(Dataset extract):
□ □ □

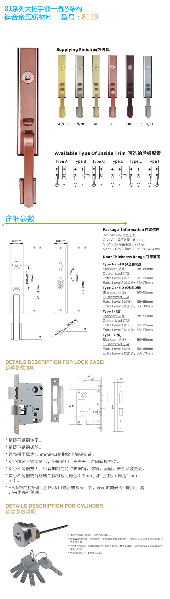 * 表示必填采購(gòu):歐標(biāo)鋅合金大把手鎖 8119
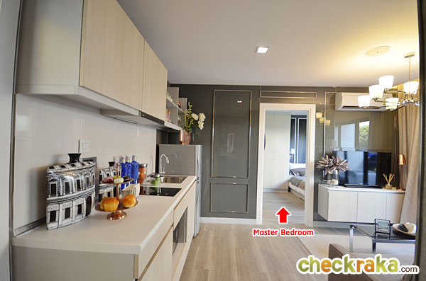 ทางด้านซ้ายมือจะเป็นส่วนของห้องครัว ที่เชื่อมต่อกับห้อง Master Bedroom และห้อง Living room
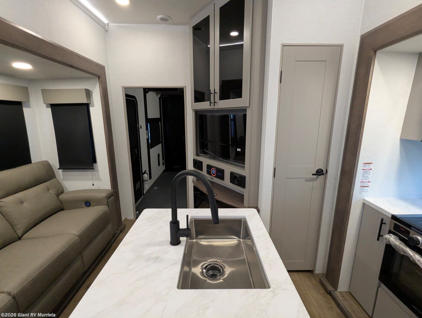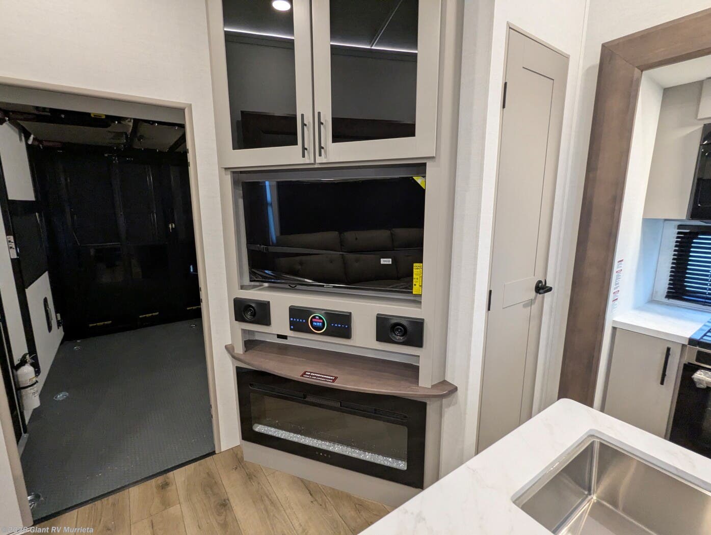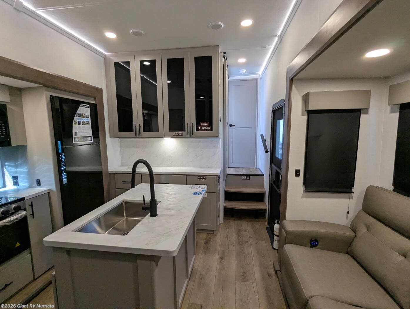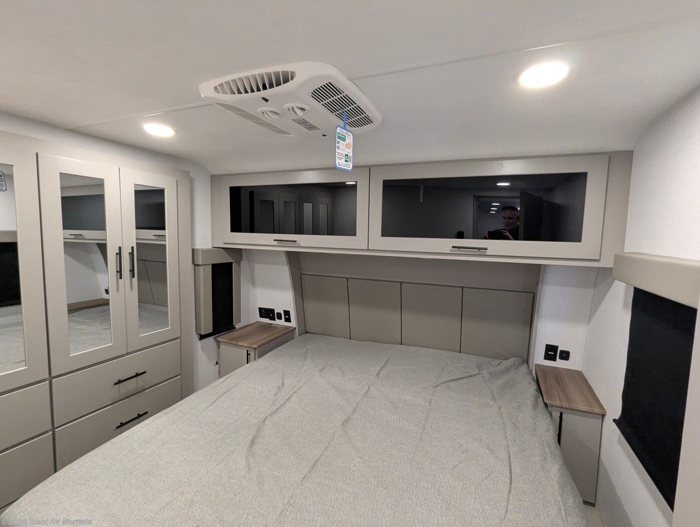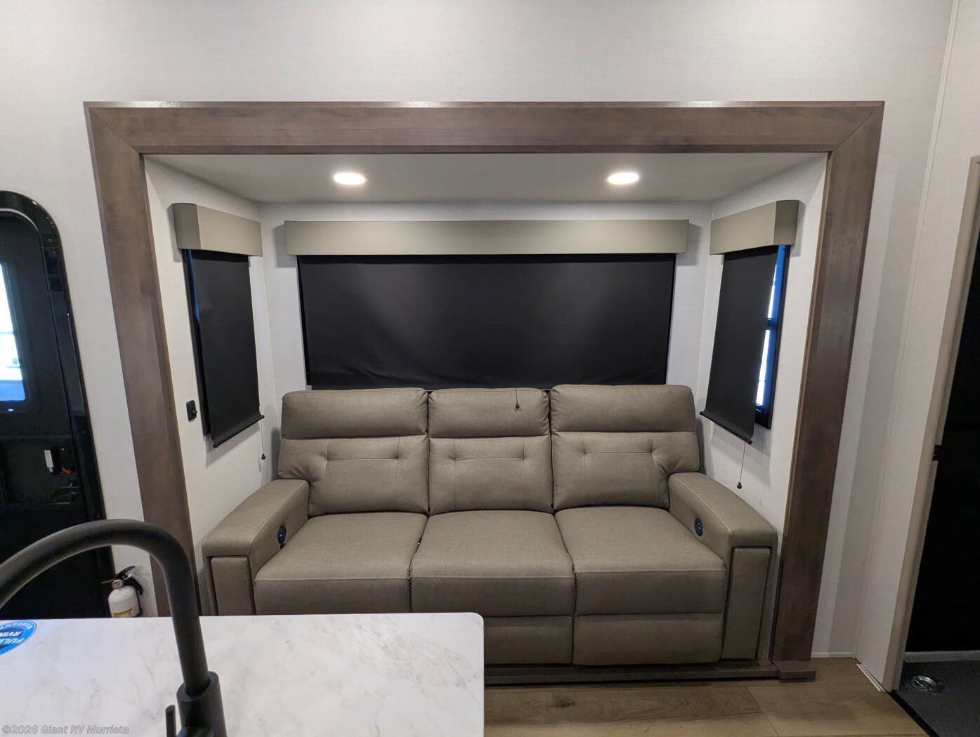 - King Bed Retreat: Includes a front private king bed, wardrobe storage, and theater seating with kitchen island for residential comfort and easy family gatherings.

□ □ □

(Work task):
Omit the pictures, then quote the rest of the material above exactly.

(Output of the exercise):
 * 表示必填采購(gòu):歐標(biāo)鋅合金大把手鎖 8119
 ทางด้านซ้ายมือจะเป็นส่วนของห้องครัว ที่เชื่อมต่อกับห้อง Master Bedroom และห้อง Living room
 - King Bed Retreat: Includes a front private king bed, wardrobe storage, and theater seating with kitchen island for residential comfort and easy family gatherings.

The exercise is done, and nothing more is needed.